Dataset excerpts

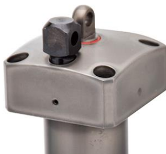
【現行品】 リンク支点部分割式

取付寸法や基本性能の変更はございません。現行品と互換性を有します。ただし、外観が異なります。
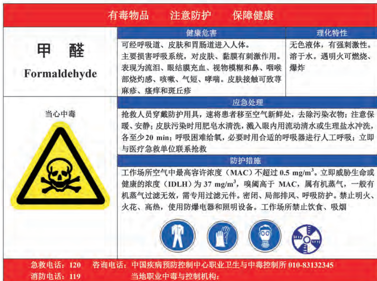
A.2 甲醛的告知卡见图 A.2。
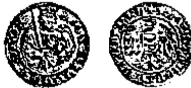
Afb. 5 Goudgulden Sigismund (1410 - 1437) Huesenberg

Geen van de bekende munttypes komt dus overeen met die welke Karel IV te Metz zou hebben gebruikt. Het spreekt boekdelen dat beeldenaars worden vermeld die de Roomse koningen pas in de 15de eeuw aanwendden. Met name is de koning met het zwaard een beeldenaar die op de gulden van Sigismund (1410-1437) voor het eerst voorkomt (32), bovendien is die gekoppeld aan de adelaar.
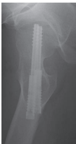
図 2-f 術後 2 年軸写像
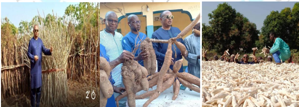
Le Président du GOHA et certains opérateurs économiques essaient l'agriculture pour satisfaire aux besoins des populations en nourriture

Certains commerçants et opérateurs économiques ont déjà commencé à s'intéresser au secteur agricole, des coopératives sont en gestation pour de grands investissements dans le domaine agricole. Ce sont les incendies criminels volontaires récurrents des dernières années dans les champs et plantations des particuliers qui ont poussé les opérateurs à la retenue, jusqu'à ce que l'Etat prenne des dispositions pour freiner ce phénomène décourageant.
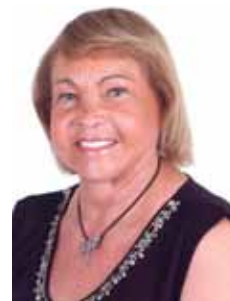
NICE LOBÃO DEM - MA

Gabinete 340 Anexo 4 Fone 3215-5340 Fax 3215-2340
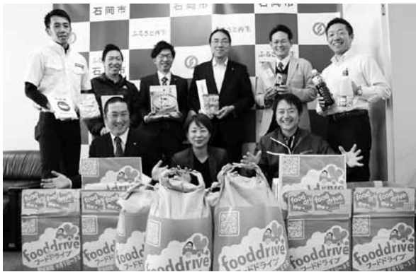
▲沢山の人の温かい気持ちが集まったことに感謝と話すJCMメンバー

フードドライブ事業は、家庭で余った食料品を、まちの協力店舗に持ち寄り、困っている家庭に配るというものです。 石岡青年会議所は、昨年9月から1か月間、約50の店舗に協力を呼びかけ、この事業を実施。会議所メンバーが店舗を回り、食品を回収しました。米、缶詰、めん類など250以上の食品を、市に寄附していただき、現在、社会福祉協議会を通して、申し出により食料を必要としている世帯に配布しています。 石岡青年会議所の活動に対し、12月19日、感謝状を贈呈しました。
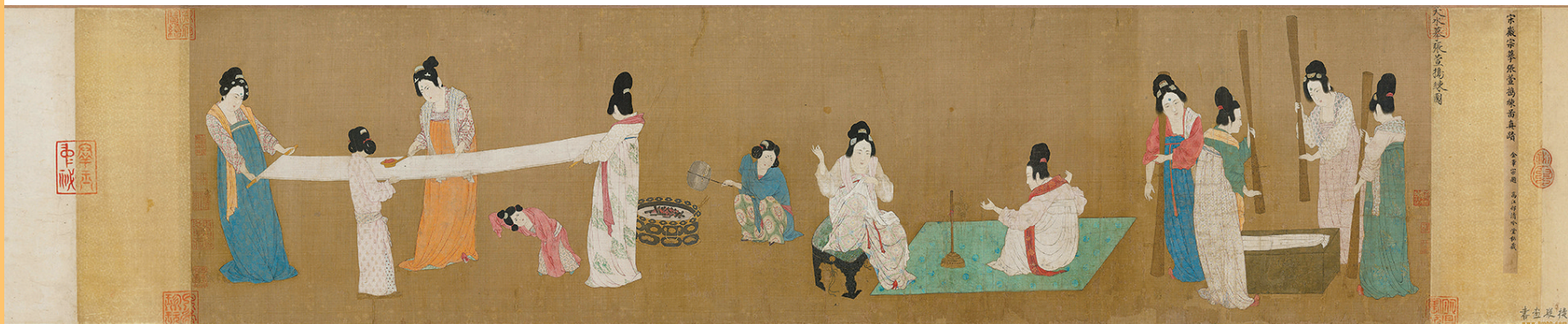
■捣练图 唐代画家张萱
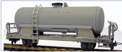
MOB X 29“ Wassertankwagen Baudienst

MOB – GFM – FO – BVZ – MGB Uhk – P Kesselwagen ( BTA – OKK ) . FRIHO H0m Handarbeits Modelle in gemischt Bauweise, Kessel ** Kunststoff, Unterteil etc. in Neusilber / Messing.
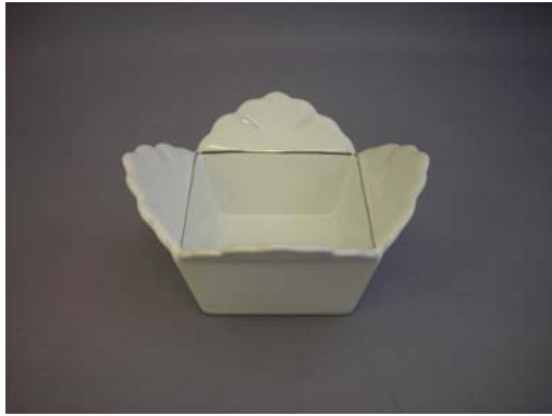
No.1 フォルス角珍珠シルク初付
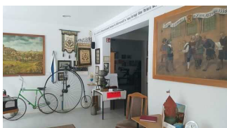
Weg in die Ausstellungsräume
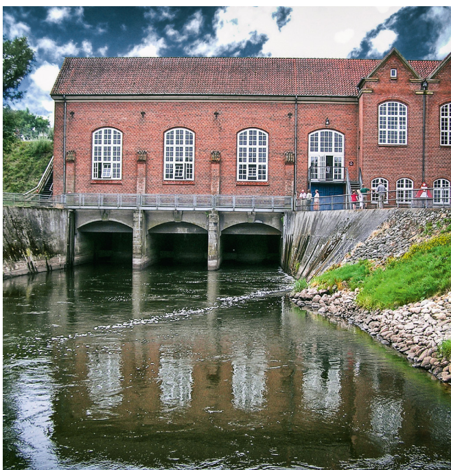
Det gennemsnitlige smolttab ved vandkraftværker er så højt som 82 %.
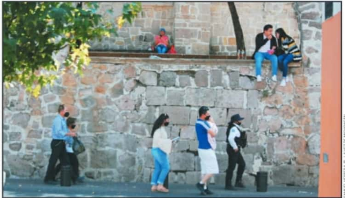
LA MOVILIDAD DE LAS PERSONAS EN EL CENTRO DE MORELIA NO BAJA, AL CONTRARIO, SE PERCIBE QUE LAS FAMILIAS HAN DEJADO EN EL OLVIDO EL CONFINAMIENTO.

pequeñas operan en la capital michoacana
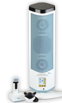
Juno Frontrow Set

Aula's, zalen en zelfs vergaderruimtes zijn vaak lastig voor mensen met hoor- (en spraak)problemen. Niet als ze Hoorexpert hebben ontdekt! Ons assortiment bevat moderne oplossingen om spreken, presenteren en luisteren te ondersteunen. Zo kunnen onze ringleidings- en communicatiesystemen worden gekoppeld met diverse input-devices zoals smartboards, laptops, midi-sets, streamers en uiteraard microfoons en ze kunnen deze geluidssignalen (desnoods versterkt) draadloos sturen naar gehoorapparaten, speakers, inductielussen, koptelefoons enzovoorts. Zo zijn deze systemen niet alleen nuttig voor slechthorenden maar ook voor mensen die zich niet goed kunnen concentreren of zich in een andere ruimte bevinden of voor sprekers die een verminderde stemkracht hebben.

(To do)
Using the entries, count how many lines contain the string "gekoppeld". Write only the number.

(Written answer)
2